Brute Force Algorithm
The following code shows two examples of the brute force algorithm.
library(knapsack)
# we create a dataframe with 2000 possible knapsack items
knapsack_objects <- get_knapsack_objects(2000)
# Example 1:
# now the brute force algorithm is used to solve for the first 8 items with a
# maximum weight W of 3500
brute_force_knapsack(x = knapsack_objects[1:8, ], W = 3500)
# Example 2:
# now the brute force algorithm is used to solve for the first 12 items with a
# maximum weight W of 2000
brute_force_knapsack(x = knapsack_objects[1:12,], W = 2000)
Computation time - Brute Force
# number of items = 16, W = 3500
time <- system.time(brute_force_knapsack(x = knapsack_objects[1:16, ], W = 3500))
time
cat(sprintf(" Computation time for Brute Force (16 items): %#.4f seconds\n\n", time[3]),
sprintf("Computation time for Brute Force (18 items): %#.4f seconds\n\n", system.time(brute_force_knapsack(x = knapsack_objects[1:18, ], W = 3500))[3]),
sprintf("Computation time for Brute Force (20 items): %#.4f seconds\n\n", system.time(brute_force_knapsack(x = knapsack_objects[1:20, ], W = 3500))[3]))
Dynamic Programming
The following code shows the same two examples as before but uses the dynamic programming algorithm.
# Example 1:
# now the dynamic programming algorithm is used to solve for the first 8 items with a
# maximum weight W of 3500
knapsack_dynamic(x = knapsack_objects[1:8, ], W = 3500)
# Example 2:
# now the dynamic programming algorithm is used to solve for the first 12 items with a
# maximum weight W of 2000
knapsack_dynamic(x = knapsack_objects[1:12,], W = 2000)
Computation time - Dynamic Programming
# number of items = 125, W = 3500
time <- system.time(knapsack_dynamic(x = knapsack_objects[1:125, ], W = 3500))
time
cat(sprintf(" Computation time for Dynamic Programming (125 items): %#.4f seconds\n\n", time[3]),
sprintf("Computation time for Dynamic Programming (250 items): %#.4f seconds\n\n", system.time(knapsack_dynamic(x = knapsack_objects[1:250, ], W = 3500))[3]),
sprintf("Computation time for Dynamic Programming (500 items): %#.4f seconds\n\n", system.time(knapsack_dynamic(x = knapsack_objects[1:500, ], W = 3500))[3]))
Greedy Heuristic
The following code shows two examples for the usage of the greedy heuristic, with a higher amount of items.
# Example 1:
# now the greedy heuristic is used to solve for the first 800 items with a
# maximum weight W of 3500
greedy_knapsack(x = knapsack_objects[1:800,], W = 3500)
# Example 2:
# now the greedy heuristic is used to solve for the first 1200 items with a
# maximum weight W of 2000
greedy_knapsack(x = knapsack_objects[1:1200,], W = 2000)
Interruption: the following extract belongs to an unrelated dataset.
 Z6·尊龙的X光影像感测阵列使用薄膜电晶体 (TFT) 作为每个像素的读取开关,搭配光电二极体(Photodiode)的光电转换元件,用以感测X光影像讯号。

Computation time - Greedy Heuristic
# we create a dataframe with 1,000,000 possible knapsack items
knapsack_objects <- get_knapsack_objects(1000000)
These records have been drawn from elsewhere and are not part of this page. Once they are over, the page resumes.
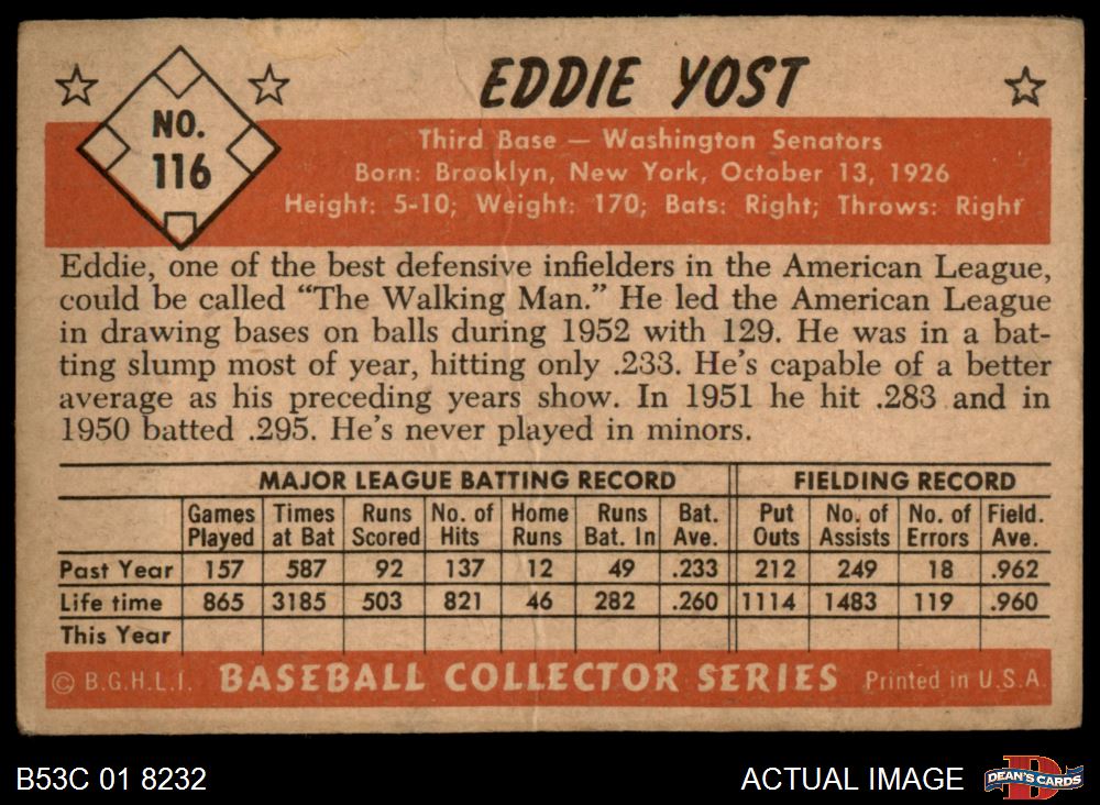 1953 Bowman #116 Eddie Yost
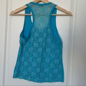 Sleeves top, blue, lace back. size unknown but fits like s/xs.
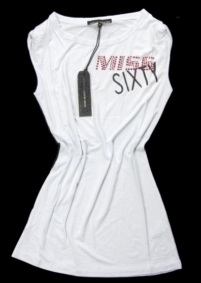 0Prodám krásné nové tílko - tričko Miss Sixty. Bohuzel je mi menší. Je z krásného jemného materiálu. Rozmery: delka 71 cm, šířka přes prsa 42 cm - natáhne se. Pc 1290,-
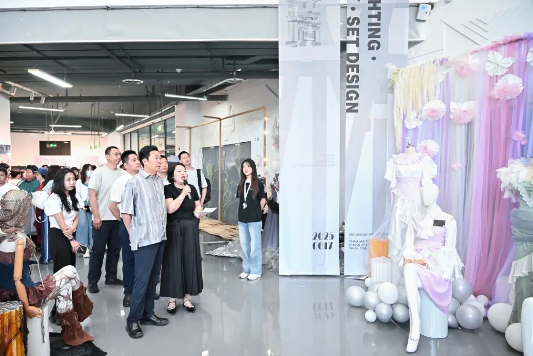 6月17日上午,天津传媒学院2025届戏剧影视美术设计专业毕业作品展在科文楼星空顶展厅隆重开幕。本次展览以“衣·光·幕·境”为主题,通过服装设计、舞台设计、场景设计和灯光设计四大展区,呈现了一场融合传统与创新的视觉盛宴,全面展现了戏剧影视美术设计专业的教学成果与学生的艺术创造力。

# number of items = 10000, W = 3500
time <- system.time(greedy_knapsack(x = knapsack_objects[1:10000, ], W = 3500))
print(time)
cat(sprintf(" Computation time for Greedy Heuristic (10,000 items): %#.4f seconds\n\n", time[3]),
sprintf("Computation time for Greedy Heuristic (100,000 items): %#.4f seconds\n\n", system.time(greedy_knapsack(x = knapsack_objects[1:100000, ], W = 3500))[3]),
sprintf("Computation time for Greedy Heuristic (1,000,000 items): %#.4f seconds\n\n", system.time(greedy_knapsack(x = knapsack_objects, W = 3500))[3]))
Optimization of Computational Time
After profiling the two algorithms, Brute Force and Dynamic Programming, an optimized version of both of them was created, to reduce bottlenecks and thus computational time.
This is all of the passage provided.